# Thieves again!!!!!!



## WGA1 (Mar 1, 2012)

This time it was at the ramp on HWY 90 in Liberty. I was heading back to the ramp this evening when some guys in another boat flagged me down. They asked if I parked at the ramp because a black truck had been broken into and an officer was still on the scene. I said yep and that I had a black truck. The officer was at the ramp when I pulled in but turns out it was another black truck that took the hit. I don't know if they broke the window but the officer said it was broken into and the doors were left wide open. Sorry POS thieves!


----------



## RAMROD1 (May 4, 2012)

Bet it's the same ones! Sounds like they are working the boat ramps!!!!

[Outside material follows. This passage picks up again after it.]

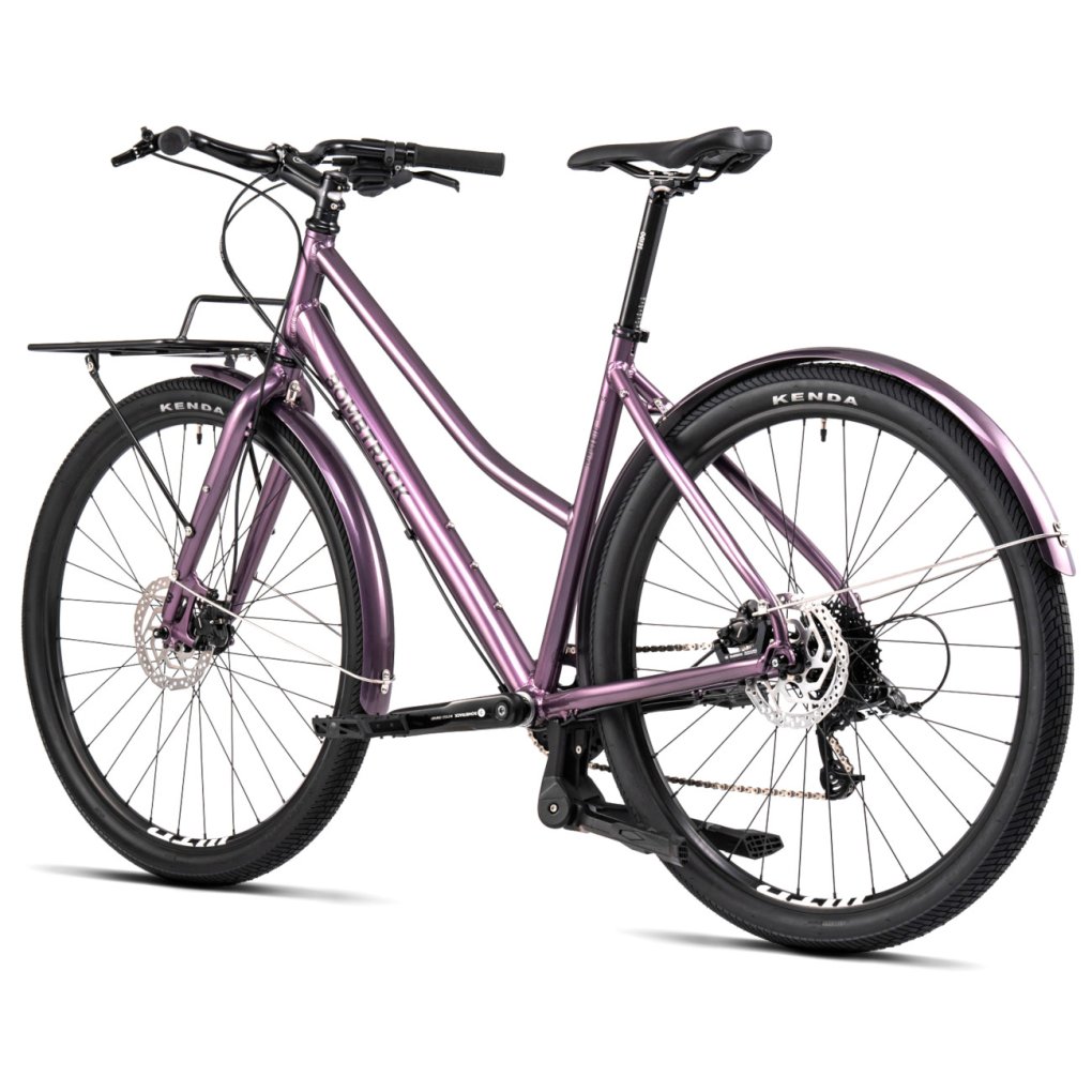 Bombtrack Bikes ▶ Urban bike with aluminum frame, Microshift drivetrain, mudguards & front carrier. ▶ Model: metallic purple

Sent from my iPad using Tapatalk


----------



## waterwolf (Mar 6, 2005)

Crack Monsters....Gou Hole and Wallisville Project ramps have all been targets...Shoot'em then hang them for other crack monster thieves to see.


----------



## RAMROD1 (May 4, 2012)

Was the truck parked under the bridge or out in the open.?

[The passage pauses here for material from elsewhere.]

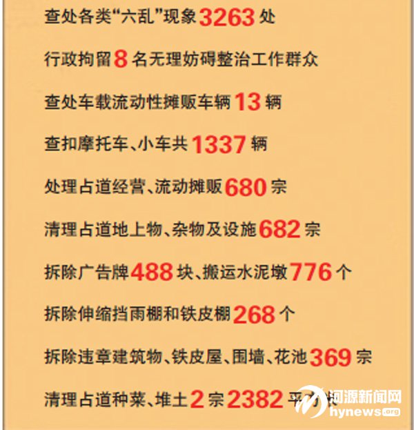 此次行動連平縣以開展“城市品位提升年”活動為契機,以治臟、治亂、治差為主要內容,將主要對連平縣城南山大道、連平大道、東園大道、新城大道、人民路、市政廣場周邊、步行街、西街、南街、東街、十八米大街、青菜街、東河西路、西門路、保險路等主要街道的“六亂”現象進行整治。11 月15 日,連平縣環境綜合整治工作正式進入集中整治階段,執法工作人員分成多個小組深入到縣城各個街道,對 “六亂”現象進行整治清理。截至12 月12 日,連平縣城經過近一個月的整治后,街道寬敞了、路面整潔了、市場買賣有序了,垃圾圍城、占道經營、違法搭建等城市環境的“痼疾頑癥”都被強有力的整治“龍卷風”刮走了。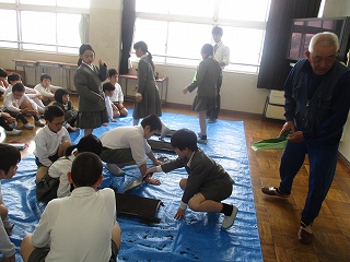 各教室で凧に糸をつけたあとで体育館に移動しました。

Sent from my iPad using Tapatalk


----------



## WGA1 (Mar 1, 2012)

Parked under the bridge. Mine was out in the open. I have parked there for many, many years without problems except for once when my dog kennel got stolen. That was the last time I ever parked under the bridge. About two months ago someone did steal a short chain and a bungee cord out of the back of my truck though. I was parked out in the open then. I cleaned out my truck today just to make sure there was nothing of value in it.


----------



## Rivercat1860 (Dec 10, 2014)

Not much worse then thieves. I have been parking at the hwy 90 ramp for 5yrs now and never had anything messed with. But I always park up against the fence so my truck is as visible as possible. But I have know a couple folks to have their stuff broken into, and all of them we're parked under the bridge. Sure hope these guys get stopped soon.....for good.


----------



## catfishFlinn (Jan 29, 2015)

Why don't they setup a sting? Park a nice truck down there for a few days monitored and bust their *** or shoot em preferably


----------



## smithnwesson (Jan 2, 2015)

catfishFlinn said:


> Why don't they setup a sting? Park a nice truck down there for a few days monitored and bust their *** or shoot em preferably


I would provide All ammo needed!


----------



## fillet (Dec 2, 2010)

Will this be a bow or rifle hunt? Will there be any trophy fees? I always park out by the fence even in the middle of summer Ive looked at the shade under the bridge and thought well my truck will be cool when I get back but then I thought better and figured I wouldnt help out the meth heads.


----------



## letsgofishin (Sep 28, 2009)

I bet if their hands were cut off it would send a message to the other thieves to think twice before breaking into peoples trucks!!!!!!!!!!!!!!!


----------